Step 1: Pass concussion protocol Step 2: Dominate (Photo Credit: Photographer Brandon Andreasen)

It’s time to step back from last night’s thrilling victory and take a minute to applaud the Golden Knights medical staff and the NHL.

In the first period of Game 3, James Neal took an elbow to the head from the guy they call Big Buff.

I think Dustin Byfuglien just hit me with his elbow right. It just got me in the eye and mouth, and then you have to go off for protocol. -James Neal

After the collision, Neal took time returning to his skates and eventually to the bench. This began the initial protocol.

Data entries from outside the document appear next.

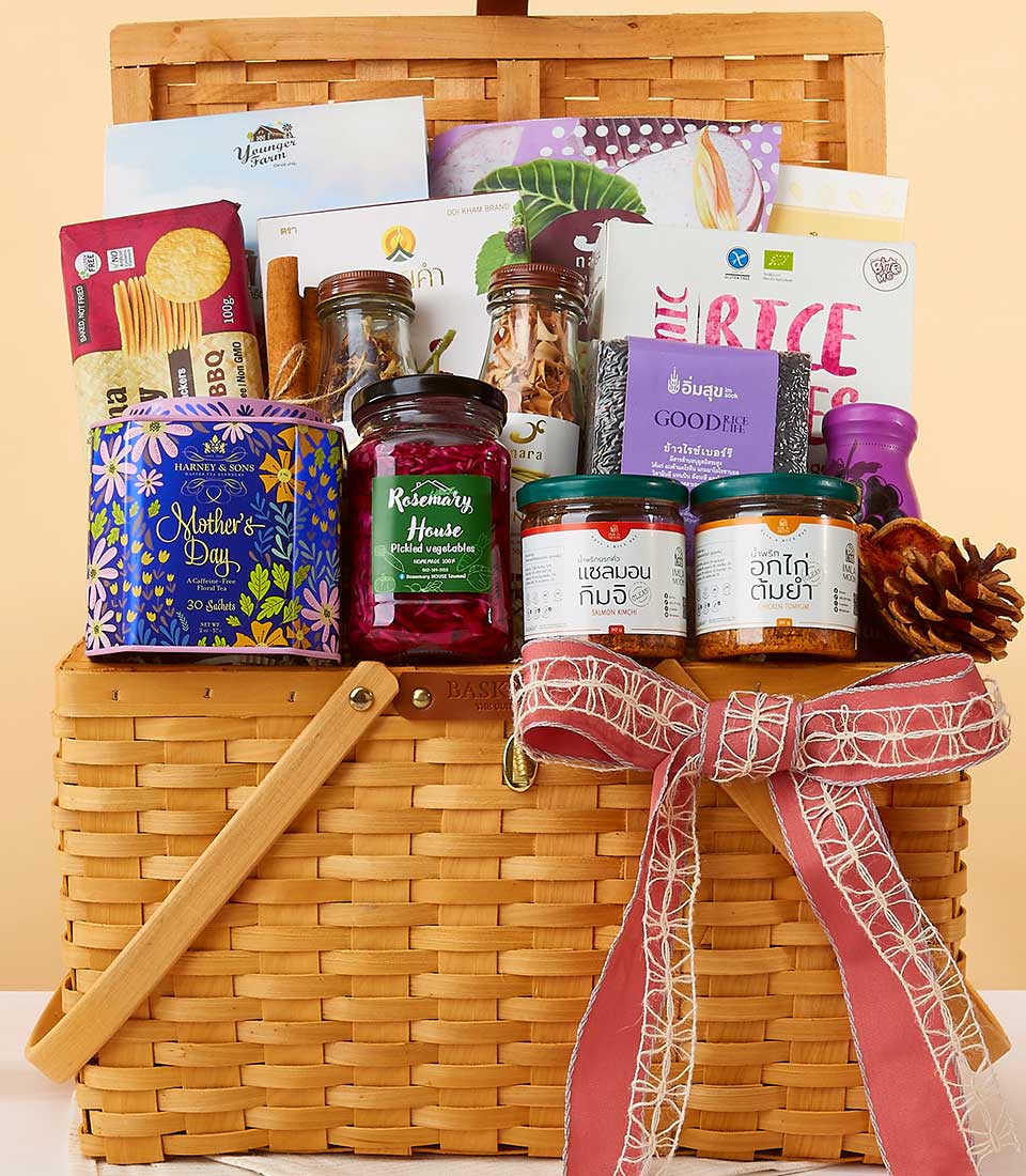 Gastronomic Wellness Journey Hamper Celebrate Day with the exquisite Gourmet Hamper, thoughtfully curated to bring joy and delight to your beloved. This beautiful wicker basket, adorned with a charming pink ribbon, is filled with a selection of gourmet treats and premium snacks that are sure to make her day extra special.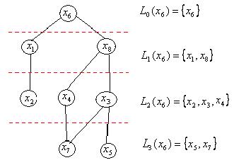 На рис.6 показана корневая структура уровней для графа, приведенного на рис.5. Корень находится в узле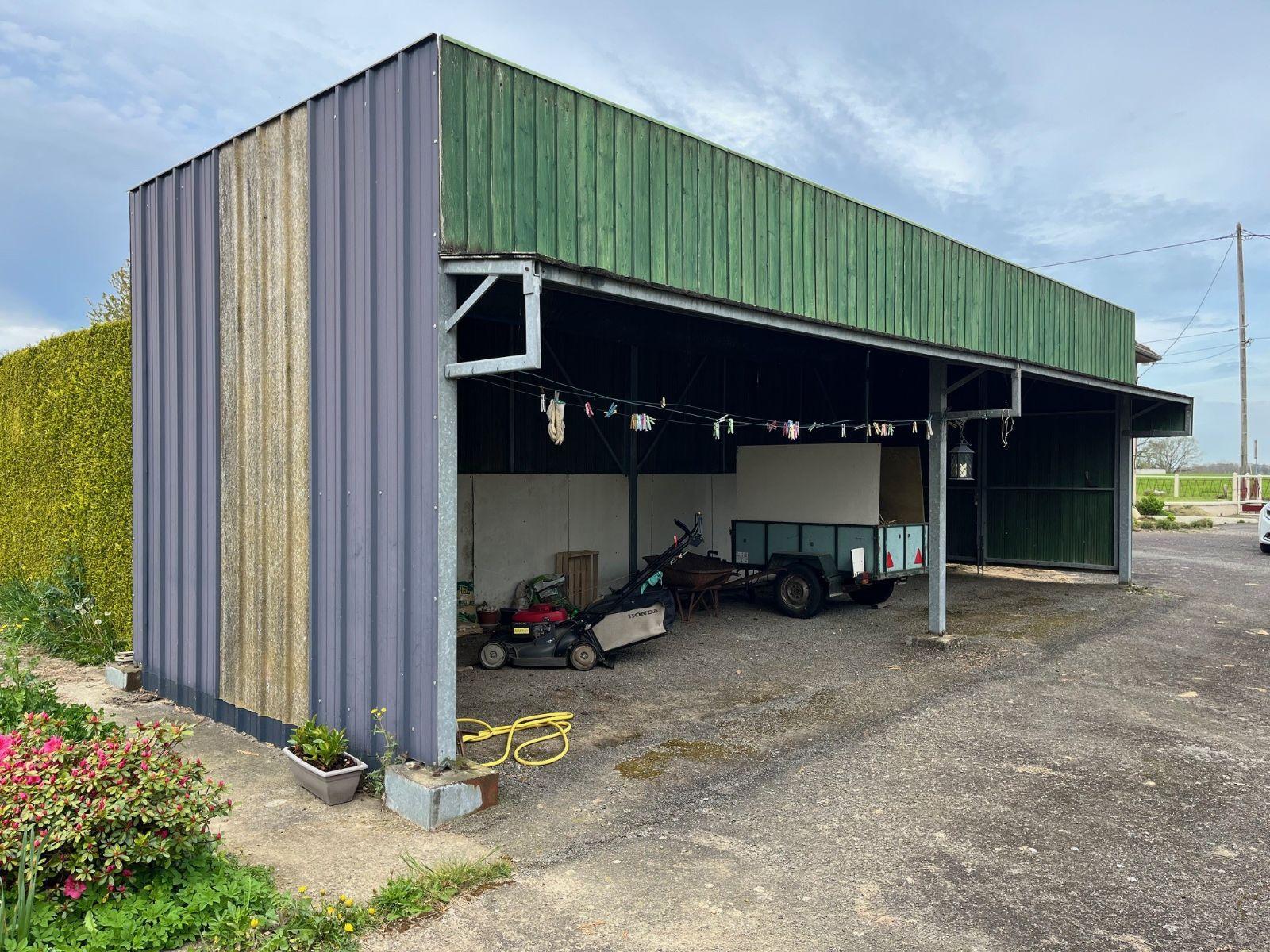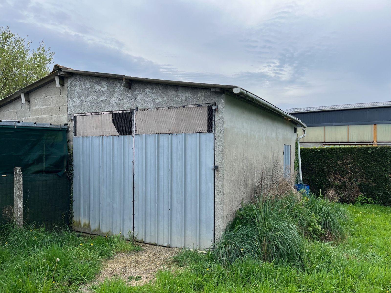 Garage et poulailler en parpaings sous tôles fibrociment.

Here are excerpts from the NHL’s concussion evaluation and protocol guide:

If any of the following symptoms or signs occurs after a direct blow to the head (including contact with the glass, boards and ice) or an indirect blow to the head (such as a blow to the body that causes acceleration/deceleration of the head), the Club shall remove the Player from the playing environment for an acute evaluation:

1. “Symptoms”: The Player reports or exhibits one or more “Symptoms” of possible concussion, including:

Headache, Pressure in head, Neck Pain, Nausea/vomiting, Dizziness, Blurred Vision. Balance Problems

2. Sign: “Lying Motionless on the Ice”: A Player lies motionless on the ice or falls to the ice in an unprotected manner (i.e., without stretching out his hands or arms to lessen or minimize his fall).

3. Sign: “Motor Incoordination/Balance Problems”: A Player staggers, struggles to get up or skate properly, appears to lose his balance, trips or falls, or stumbles while getting up, trying to get up, or skating.

4. Sign: “Blank or Vacant Look”: A Player has a blank or vacant look.

5. Signs: “Slow to Get Up” or “Clutches his Head”: A Player is slow to get up or clutches his head (including any part of his face)

Golden Knights trainers immediately spoke with Neal on the bench, but he had his head down and was shaken up. It was concerning enough for team medical staff and league spotters.